*What is needed*. Pictures aside, write out the data exactly as it reads.

Input data START

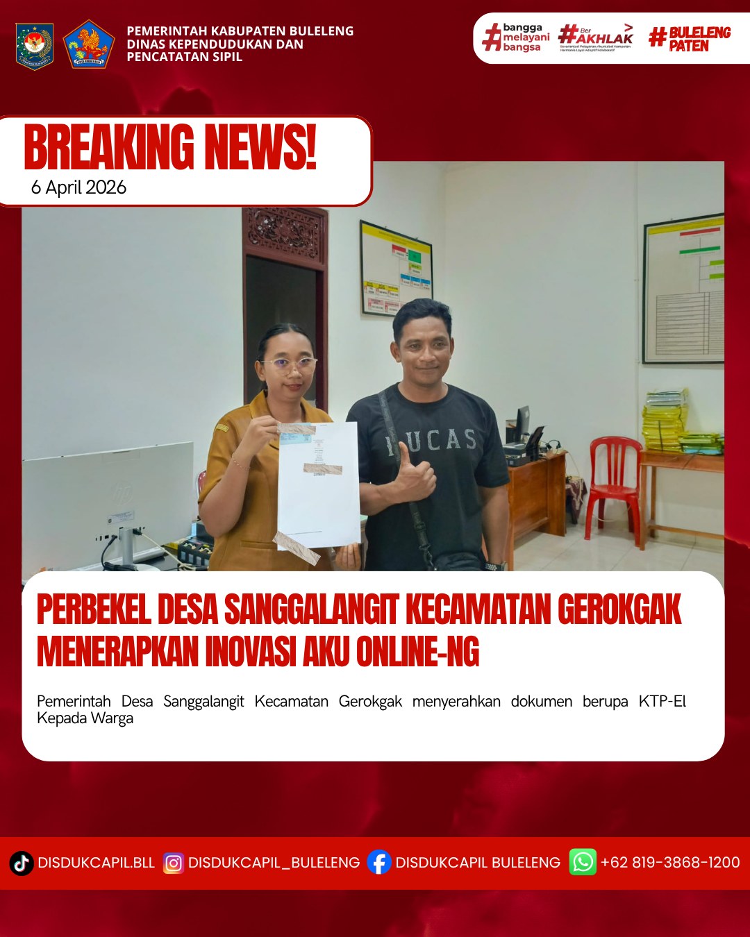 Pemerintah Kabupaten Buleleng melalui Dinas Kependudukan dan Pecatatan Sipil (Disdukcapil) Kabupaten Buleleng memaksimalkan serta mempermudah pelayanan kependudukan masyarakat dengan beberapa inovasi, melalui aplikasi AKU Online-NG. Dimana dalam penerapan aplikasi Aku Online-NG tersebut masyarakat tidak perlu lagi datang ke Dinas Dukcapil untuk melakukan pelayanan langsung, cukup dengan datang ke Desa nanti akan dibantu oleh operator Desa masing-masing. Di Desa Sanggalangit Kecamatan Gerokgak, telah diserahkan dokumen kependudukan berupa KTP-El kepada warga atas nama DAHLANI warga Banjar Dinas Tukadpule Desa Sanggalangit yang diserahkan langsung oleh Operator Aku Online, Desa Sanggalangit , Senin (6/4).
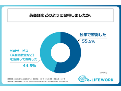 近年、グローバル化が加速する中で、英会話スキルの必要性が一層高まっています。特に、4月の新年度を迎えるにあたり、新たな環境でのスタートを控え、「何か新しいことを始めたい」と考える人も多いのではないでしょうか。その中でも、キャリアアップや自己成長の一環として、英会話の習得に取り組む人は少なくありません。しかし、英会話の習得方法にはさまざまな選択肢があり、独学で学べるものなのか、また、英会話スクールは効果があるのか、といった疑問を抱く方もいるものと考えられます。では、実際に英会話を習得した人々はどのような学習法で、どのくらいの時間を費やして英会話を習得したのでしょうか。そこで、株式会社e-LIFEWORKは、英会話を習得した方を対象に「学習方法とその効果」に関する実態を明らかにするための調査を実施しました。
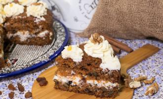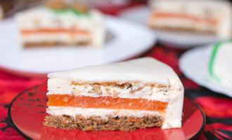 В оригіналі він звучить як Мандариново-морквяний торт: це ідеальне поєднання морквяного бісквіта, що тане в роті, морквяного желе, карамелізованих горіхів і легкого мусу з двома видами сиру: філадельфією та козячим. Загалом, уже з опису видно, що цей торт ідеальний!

Input data END

*Result*.
 Pemerintah Kabupaten Buleleng melalui Dinas Kependudukan dan Pecatatan Sipil (Disdukcapil) Kabupaten Buleleng memaksimalkan serta mempermudah pelayanan kependudukan masyarakat dengan beberapa inovasi, melalui aplikasi AKU Online-NG. Dimana dalam penerapan aplikasi Aku Online-NG tersebut masyarakat tidak perlu lagi datang ke Dinas Dukcapil untuk melakukan pelayanan langsung, cukup dengan datang ke Desa nanti akan dibantu oleh operator Desa masing-masing. Di Desa Sanggalangit Kecamatan Gerokgak, telah diserahkan dokumen kependudukan berupa KTP-El kepada warga atas nama DAHLANI warga Banjar Dinas Tukadpule Desa Sanggalangit yang diserahkan langsung oleh Operator Aku Online, Desa Sanggalangit , Senin (6/4).
 近年、グローバル化が加速する中で、英会話スキルの必要性が一層高まっています。特に、4月の新年度を迎えるにあたり、新たな環境でのスタートを控え、「何か新しいことを始めたい」と考える人も多いのではないでしょうか。その中でも、キャリアアップや自己成長の一環として、英会話の習得に取り組む人は少なくありません。しかし、英会話の習得方法にはさまざまな選択肢があり、独学で学べるものなのか、また、英会話スクールは効果があるのか、といった疑問を抱く方もいるものと考えられます。では、実際に英会話を習得した人々はどのような学習法で、どのくらいの時間を費やして英会話を習得したのでしょうか。そこで、株式会社e-LIFEWORKは、英会話を習得した方を対象に「学習方法とその効果」に関する実態を明らかにするための調査を実施しました。
 В оригіналі він звучить як Мандариново-морквяний торт: це ідеальне поєднання морквяного бісквіта, що тане в роті, морквяного желе, карамелізованих горіхів і легкого мусу з двома видами сиру: філадельфією та козячим. Загалом, уже з опису видно, що цей торт ідеальний!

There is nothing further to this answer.